Samolot Nicolae Ceausescu sprzedany. Musi pozostać w Rumunii
Na zorganizowanej w Bukareszcie aukcji sprzedany został należący niegdyś do Nicolae Ceausescu samolot z napisem "Socjalistyczna Republika Rumunii". Za maszynę zapłacono 120 tys. euro.
W aukcji, której przedmiotem był samolot należący kiedyś do rumuńskiego dyktatora udział wzięło wiele osób. - Dziesiątki kolekcjonerów i entuzjastów wyraziło zainteresowanie samolotem, który pierwotnie kosztował 25 000 euro - powiedziałą agencji AFP rzecznika domu aukcyjnego w Artmark Alina Panico.
Rumuński odrzutowiec
Sprzedany samolot miał symboliczne znacznie dla dyktatury Ceausescu. Miał być dowodem na przemysłową niezależność Rumunii od Związku Radzieckiego. Rombac Super One-Eleven powstał w 1986 roku. Maszyna była pierwszym pasażerskim samolotem odrzutowym wyprodukowanym w Rumunii. - Dla Rumunów produkcja tego typu maszyny w najnowocześniejszej technologii była powodem do wielkiej dumy - komentował aukcję były pilot wojskowy Gheorghe Mirica.

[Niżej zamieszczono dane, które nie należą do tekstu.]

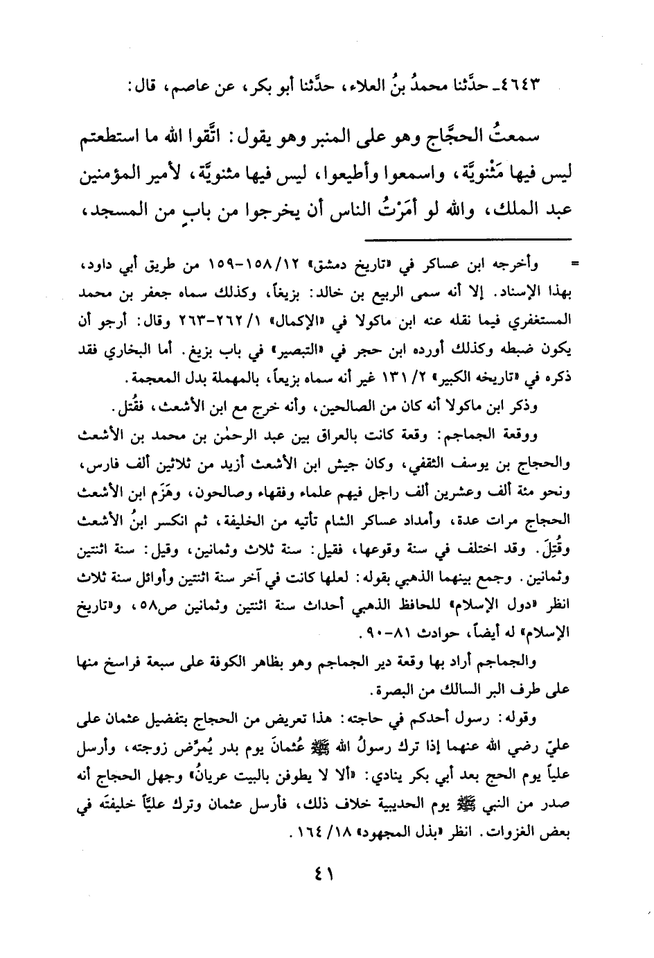 ٤٦٤٣ - حدَّثنا محمدُ بنُ العلاء، حدَّثنا أبو بكر، عن عاصم، قال:

Samolot został wpisany na listę dziedzictwa narodowego Rumuni w związku z czym nie można go wywieźć poza granice kraju. Jak wytłumaczył były technik Rombaca Adrian Ciutan, maszynę można przekształcić w eksponat muzealny lub zainwestować w jej renowację, by mogła ponownie wzbić się w powietrze.
W aukcji udział wzięło 150 osób, a cena wywoławcza wynosiła 25 tys. euro. Ostatecznie samolot trafił w ręce, jak podaje dom aukcyjny, zagranicznego kolekcjonera zainteresowanego historią Rumuni. Pasjonat zapłacił za Rombaca Super One-Eleven 120 tys. euro.